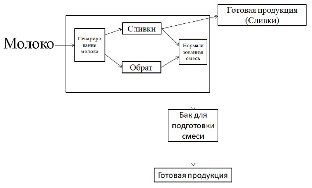 Рис. 2. Схема переработки молока на городском молочном заводе.
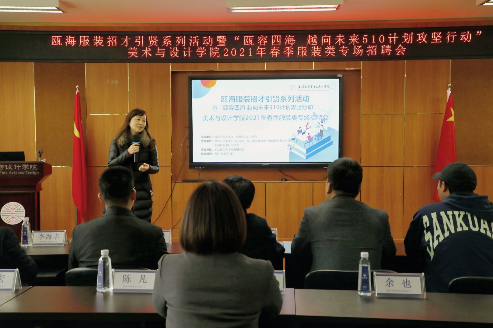 会议开始前,杨丽君副书记简要介绍了近几年色色小说 的发展、人才培养以及毕业生就业的相关情况。随后,瓯海服装行业协会秘书长苏立玲对瓯海服饰产业的基本情况进行解读,浙江理工大学瓯海研究院副院长,温州市服装智造产业创新服务综合体负责人任力介绍了综合体的设计思想,从重点项目、功能分布、设计亮点三部分对每个楼层进行分析。在了解瓯海对于高校大学生留温政策之后,11家企业负责人通过介绍企业、岗位需求、待遇三方面来讲述,为此次参加招聘会的同学提供就业岗位的机会。
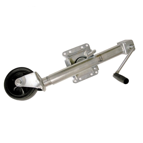 Take the work out of hitching up the trailer holding your boat or ATV with the Sportsman Series 1000 Lb Trailer Jack. This adjustable height trailer jack can accommodate trailer tongues up to 26 inches from the ground. Take the work out of hitching up and parking Bolt-on style (hardware included) 5.5" 360° swivel wheel, swing-back style (folds to side when not in use) Adjustable height (up to 26 inch tongue height) Jack bolt plate measures 6-3/8" L x 5-3/8" W
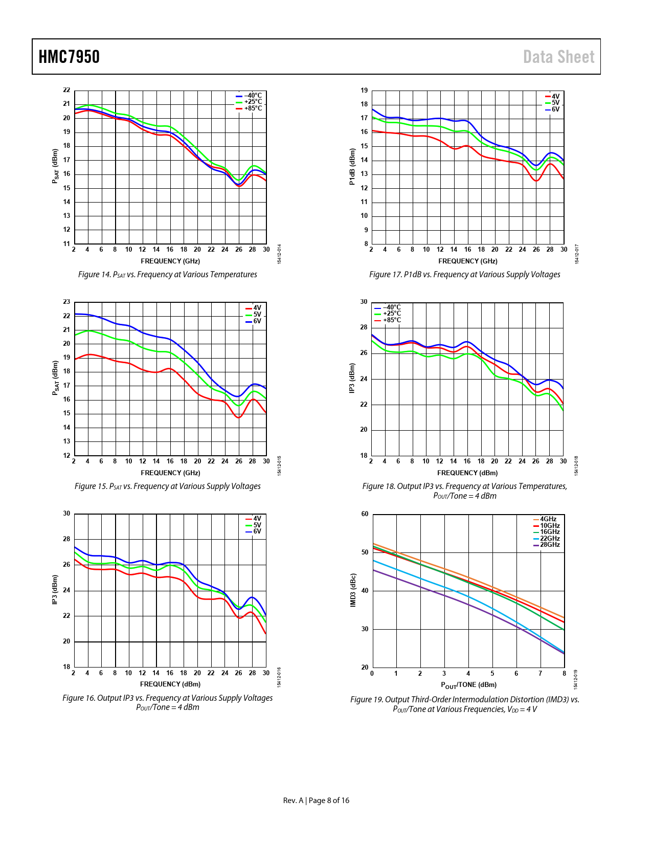 HMC7950 Data Sheet 22 19 –40°C 4V 21 +25°C 5V +85°C 18 6V 20 17 19 16 18 15 17 14 dBm) (dBm) 16 B ( 13 P SAT P1d 15 12 14 11 13 10 12 9 11 8 2 4 6 8 10 12 14 16 18 20 22 24 26 28 30

◆ ◆ ◆ ◆

TASK DESCRIPTION:
Return, exactly as they stand, the lines from the opening line of the listing through the line with "会议开始前,杨丽君副书记简要", both ends counted, and no pictures.

WRITTEN REPLY:
 Рис. 2. Схема переработки молока на городском молочном заводе.
 会议开始前,杨丽君副书记简要介绍了近几年色色小说 的发展、人才培养以及毕业生就业的相关情况。随后,瓯海服装行业协会秘书长苏立玲对瓯海服饰产业的基本情况进行解读,浙江理工大学瓯海研究院副院长,温州市服装智造产业创新服务综合体负责人任力介绍了综合体的设计思想,从重点项目、功能分布、设计亮点三部分对每个楼层进行分析。在了解瓯海对于高校大学生留温政策之后,11家企业负责人通过介绍企业、岗位需求、待遇三方面来讲述,为此次参加招聘会的同学提供就业岗位的机会。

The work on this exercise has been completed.